Leading hedge fund managers were caught out by a pause in the swift rise in gold, volatile prices and a resilient stock market in the first quarter.
The correction in the gold price early in 2011 underscored how much many hedge fund managers – including John Paulson and Greenlight Capital’s David Einhorn– relied on gold for their strong performance last year.
All of Greenlight’s funds were down between 2.5 per cent and 3.2 per cent on a net basis in the first quarter.
“While our long [positions] slightly outperformed the market, our shorts rose even more dramatically and our macro hedges were also in the red,” Greenlight wrote in a letter to investors last week. “We had modest losses in our various positions in currencies, interest rates and credit spreads.”
Many investors turned negative on the stock market as macro indicators pointed to a weak economic climate in the US and the Japanese earthquake and nuclear disaster transformed the outlook for energy stocks.
For example, Greenlight, with about $5 billion under management, had short positions on two energy technology shares, assuming earnings would contain negative surprises.
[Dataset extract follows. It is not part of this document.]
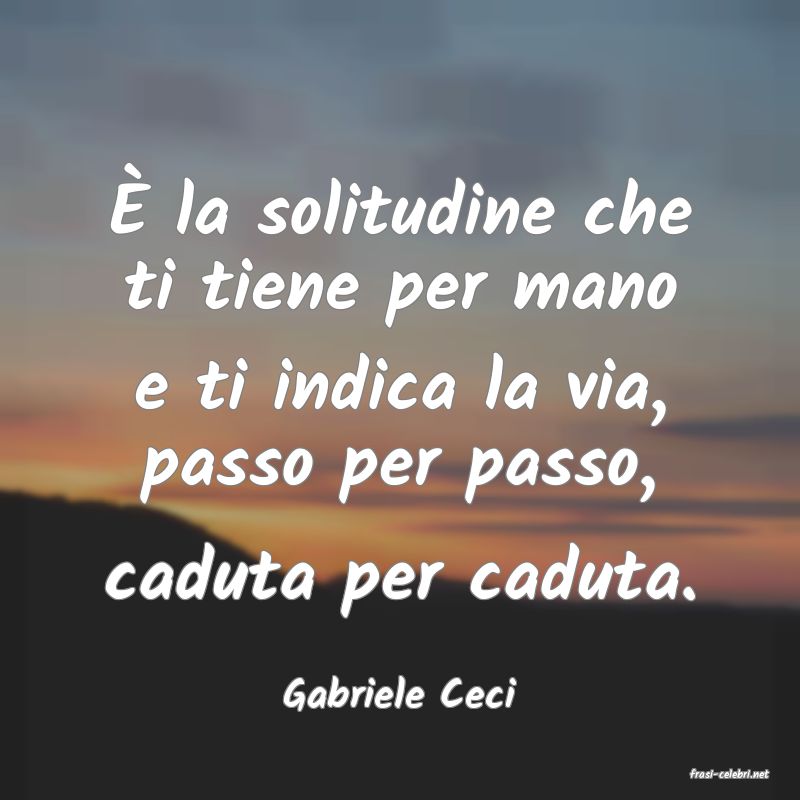 È la solitudine che ti tiene per mano e ti indica la via, passo per passo, caduta per caduta.

But after March 11, investors bought both on the assumption that anything non-nuclear would benefit, the letter said.
In the recent past, funds like Greenlight have been buoyed by rising gold prices.
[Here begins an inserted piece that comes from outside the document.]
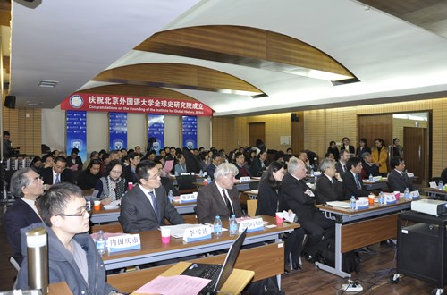 揭牌仪式上, 保加利亚索非亚大学校长伊万· 伊尔切夫、著名汉学家顾彬、日本关西大学图书馆馆长、著名汉学家内田庆市、奥地利维也纳大学孔子学院院长李夏德、德国杜塞尔多夫孔子学院院长培高德、中国科学院自然史研究所所长张柏春、外研社社长蔡剑峰等来自国内外学界业界的专家学者分别致辞。之后,腊碧士教授和李雪涛教授共同作了题为“普通史、世界史、全球史——西方和东方从古至今的观念”的主题报告,阐述了全球史研究的理论框架和具体切入角度,明确了研究院今后的发展方向。在报告中,两位教授首先对历史中的普遍史、世界史和全球史的概念进行了界定。之后对德国哲学家雅斯贝尔斯“轴心时代”的理论以及艾森斯达特的“多元现代性”的概念进行了深入的分析,认为这两个理论可以作为全球史研究院的理论纲领。其后两位教授结合雅斯贝尔斯轴心时代理论、布罗代尔“总体史”中时间观念,提出了“事件历史”、“长期历史”和“轴心历史”三个时间层面的新观点,并认为只有在这一基础之上,才可能研究当今的全球史。

But for the first quarter, gold prices corrected in January before renewing their upward move later in the period. Mr Einhorn, who is most famous for his bearish views on Lehman Brothers long before its demise, was very early onto the gold trade as a way to express negative sentiment on currencies, most notably the US dollar.
John Paulson, who was also one of the early gold bulls, was also hurt by the pause in gold’s upward trajectory in the first quarter as his gold funds ended the period slightly down, capping a volatile three month ride. The gold funds were down more than 12 per cent in January as the price of gold fell more than $100 that month, then rose more than 13 per cent in February as gold reversed direction and ended March slightly higher than at the beginning of the year.
Meanwhile the $18 billion Paulson Advantage Funds, or so-called event driven strategies, were also down between 1.2 per cent and 1.8 per cent. Mr. Paulson attributed this to the drag on performance from the banking sector “which is still dealing with regulatory uncertainty” in his letter to investors.
Mr Paulson’s strongest performing funds were his $9.3 billion credit funds, which were up between 5.92 per cent and 6.34 per cent in the quarter.
“At a time when other credit managers have large cash positions, or are deploying capital into overheated areas, we have shifted our focus to equity-linked credit investments such as defaulted debt, convertible bonds and post reorganisation equity securities,” the letter to investors said.
Mr Paulson remained optimistic on US prospects and believed the stock market could rally as much as 40 per cent from quarter-end levels, buoyed by strong corporate earnings and price-to-earnings expansion.
“We believe the recovery will likely continue for many more years,” his letter stated.
Mr Einhorn, though, was far more cautious: “In response to quantitative easing, investors now fear inflation and have sold bonds. Interest rates have risen and housing prices have declined further. The housing recovery has faltered, creating another negative wealth effect and putting additional strain on the banking system.”